OCaml Scientific Computing

1st Edition (in progress)
Back
Table of Contents

Natural Language Processing

Text is a dominant media type on the Internet along with images, videos, and audios. Many of our day-to-day tasks involve text analysis. Natural language processing is a powerful tool to extract insights from text copora.

This chapter focusses on the vector space models and topic modelling.

TODO: this chapter now mainly lacks general text introduction of NLP.

Introduction

Survey the literature, give a high-level picture of NLP. Talk about classic NLP … structured and unstructured text …

In this chapter, we will use a news dataset crawled from the Internet.
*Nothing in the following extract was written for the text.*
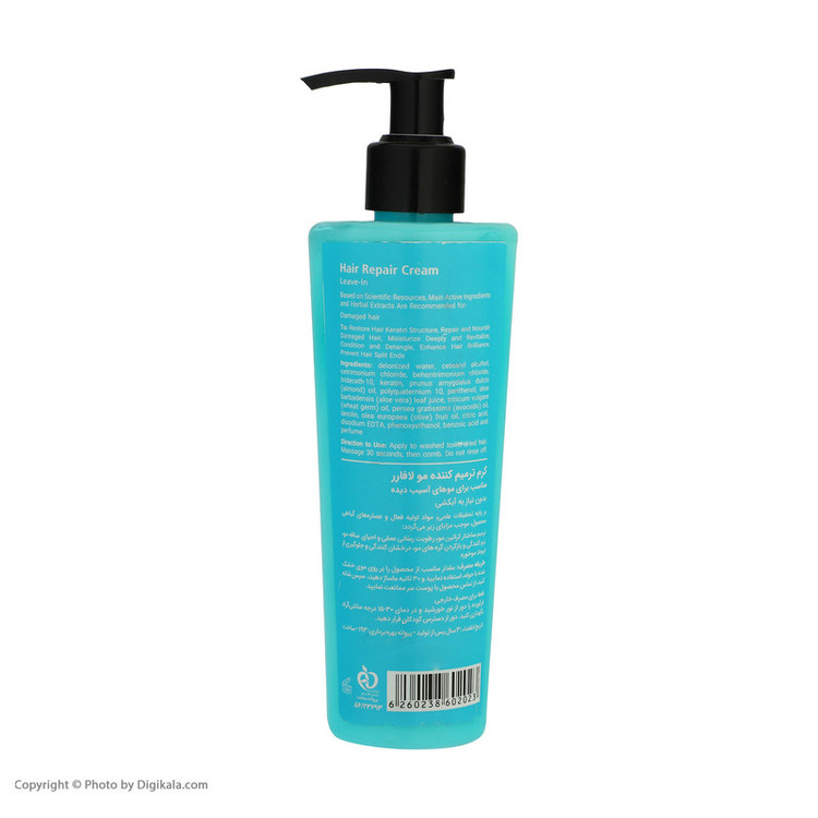 سایر توضیحات: بدون نیاز به آبکشی، مقدار مناسب از محصول را بر روی موی خشک شده با حوله استفاده نمایید و 30 ثانیه ماساژ دهید. سپس شانه کنید. از تماس محصول با پوست سر ممانعت نمایید.

It contains 130000 pieces of news from various sources, each line in the file represents one entry.

Text Corpus

We call a collection of documents a text corpus.

Step-by-step Operation

Show how to build a corpus from a collection of documents, in a step step way.
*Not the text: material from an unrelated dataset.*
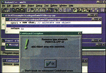 Выпущенная в конце прошлого месяца по цене $99,95 (после 30 ноября цена составит $149,95) система CodeGuard представляет собой набор альтернативных библиотек для 16-разрядных приложений, работающих под Windows 3.x, Windows 95 или Windows NT. Компоновка программы с библиотеками CodeGuard, дает возможность расширенной диагностики при работе в интегрированной среде разработки фирмы Borland, и при автономном выполнении приложения.

Preprocess the text, convert all the text into lowercase.

let simple_process s =
  Str.split Owl_nlp_utils.regexp_split s
  |> List.filter (fun x -> String.length x > 1)
  |> String.concat " "
  |> String.lowercase_ascii
  |> Bytes.of_string

let preprocess input_file =
  let output_file = input_file ^ ".output" in
  Nlp.Corpus.preprocess simple_process input_file output_file

Then let’s build vocabulary out of the text corpus.

let build_vocabulary input_file =
  let vocab = Nlp.Vocabulary.build input_file in

  (* print out the words of highest frequency *)
  Nlp.Vocabulary.top vocab 10 |>
  Owl.Utils.Array.to_string ~sep:", " fst;

  (* print out the words of lowest frequency*)
  Nlp.Vocabulary.bottom vocab 10 |>
  Owl.Utils.Array.to_string ~sep:", " fst;

  (* save the vocabulary *)
  let output_file = input_file ^ ".vocab" in 
  Nlp.Vocabulary.save vocab output_file

The progress of building the vocabulary is printed out. After the vocabular is built, the token of the highest frequency is printed out.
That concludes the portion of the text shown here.